- **Task goal**: Start at the line below containing "The body and" and stop at the line containing "Set of 2 Vintage". Repeat every line of that stretch exactly, and nothing outside it.

---------- Dataset

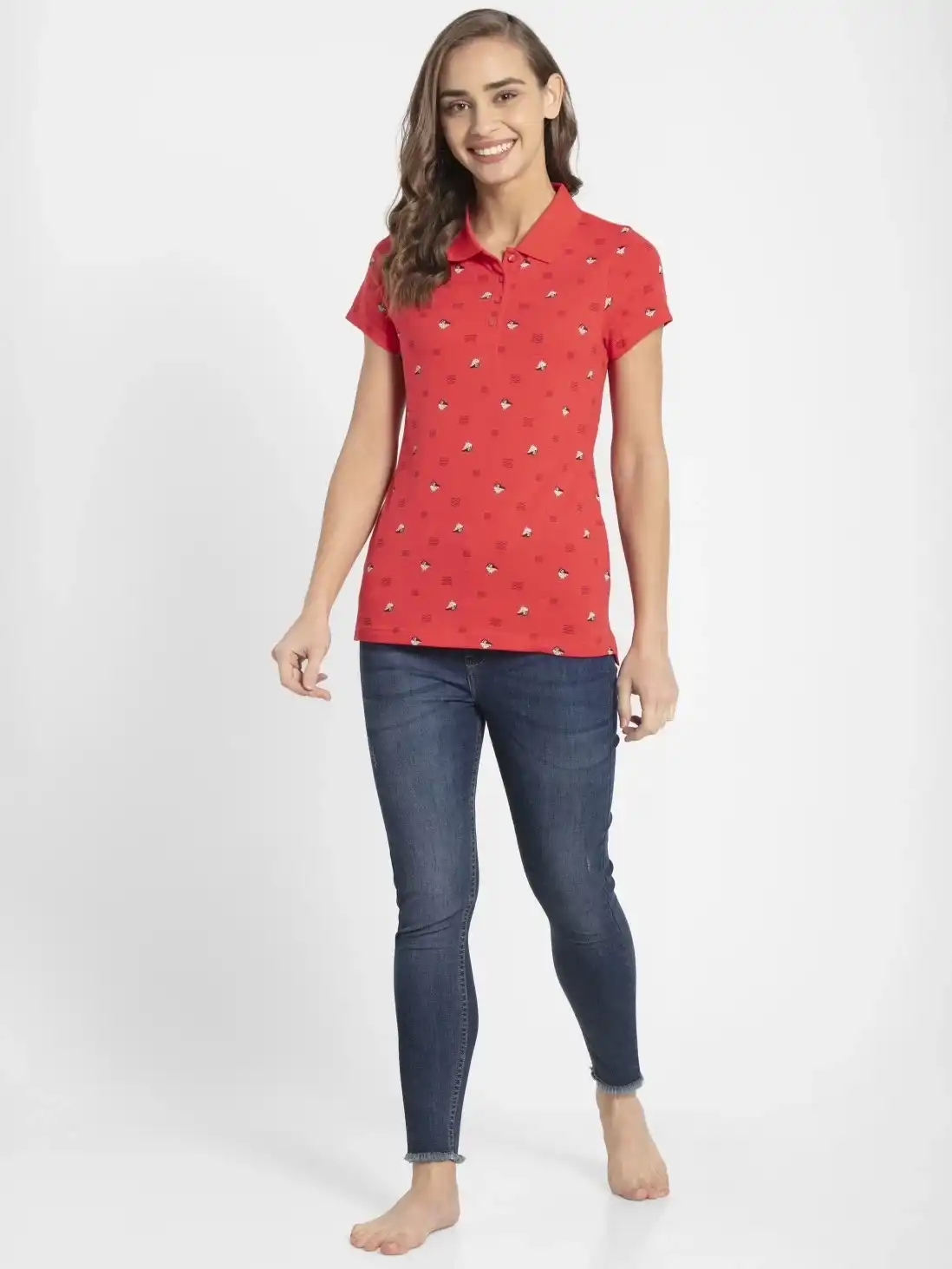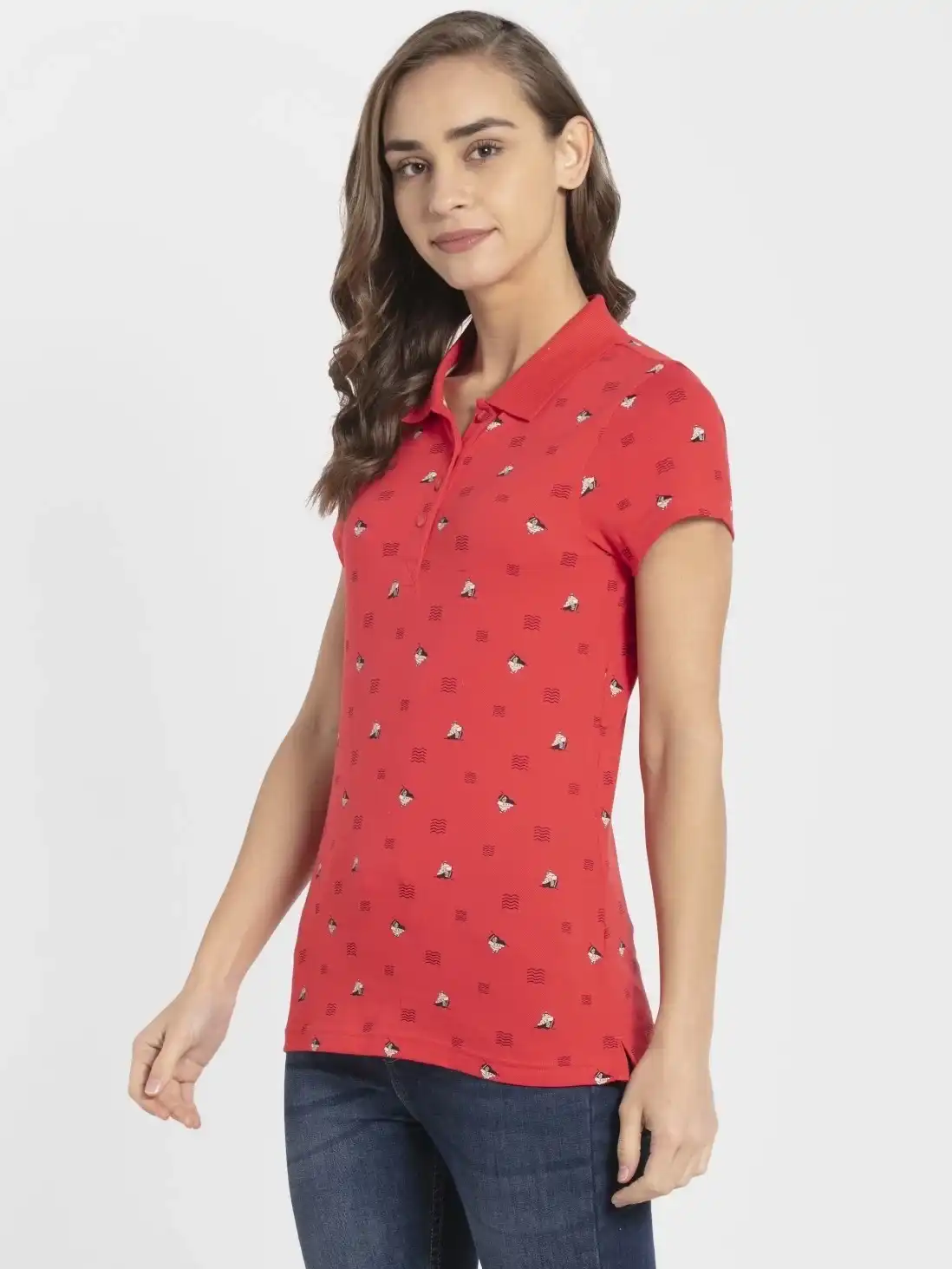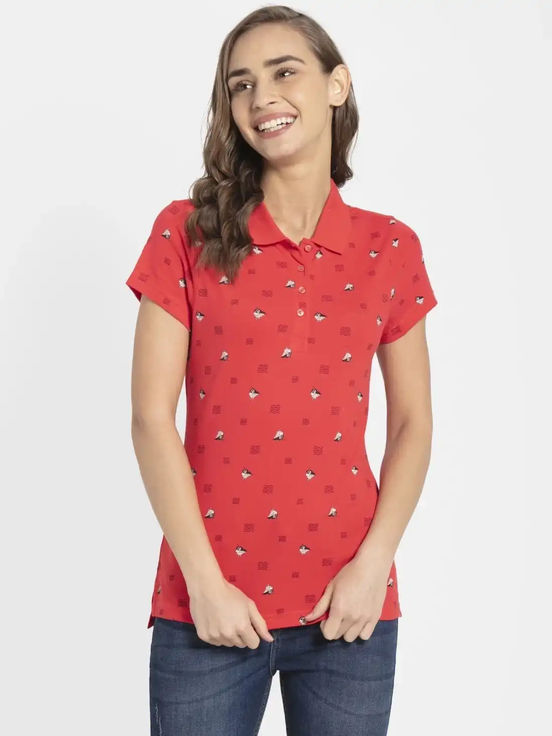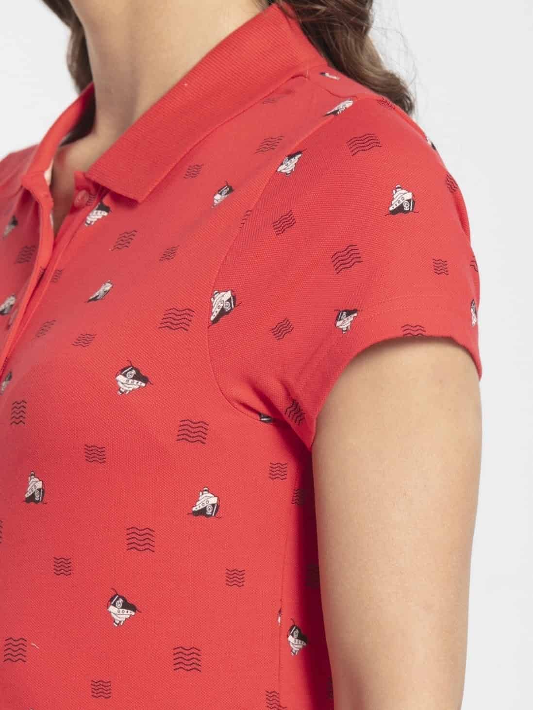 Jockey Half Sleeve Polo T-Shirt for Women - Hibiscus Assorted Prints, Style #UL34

--------------------
---------- Dataset

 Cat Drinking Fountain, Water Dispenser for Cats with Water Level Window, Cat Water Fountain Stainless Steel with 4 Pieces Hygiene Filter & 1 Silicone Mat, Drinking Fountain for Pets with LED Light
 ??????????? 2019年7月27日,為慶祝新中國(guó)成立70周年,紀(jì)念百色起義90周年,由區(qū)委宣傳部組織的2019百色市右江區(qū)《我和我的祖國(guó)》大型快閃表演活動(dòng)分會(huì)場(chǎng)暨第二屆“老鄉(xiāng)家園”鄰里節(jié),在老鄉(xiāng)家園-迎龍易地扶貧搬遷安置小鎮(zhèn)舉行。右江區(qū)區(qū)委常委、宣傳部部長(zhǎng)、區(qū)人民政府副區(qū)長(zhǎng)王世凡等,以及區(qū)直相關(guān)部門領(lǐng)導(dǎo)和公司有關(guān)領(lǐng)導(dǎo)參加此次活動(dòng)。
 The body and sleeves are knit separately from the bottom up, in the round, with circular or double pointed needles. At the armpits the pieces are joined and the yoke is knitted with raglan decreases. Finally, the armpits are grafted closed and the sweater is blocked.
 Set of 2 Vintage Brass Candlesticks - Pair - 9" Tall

--------------------

- **Solution to this problem**:
 The body and sleeves are knit separately from the bottom up, in the round, with circular or double pointed needles. At the armpits the pieces are joined and the yoke is knitted with raglan decreases. Finally, the armpits are grafted closed and the sweater is blocked.
 Set of 2 Vintage Brass Candlesticks - Pair - 9" Tall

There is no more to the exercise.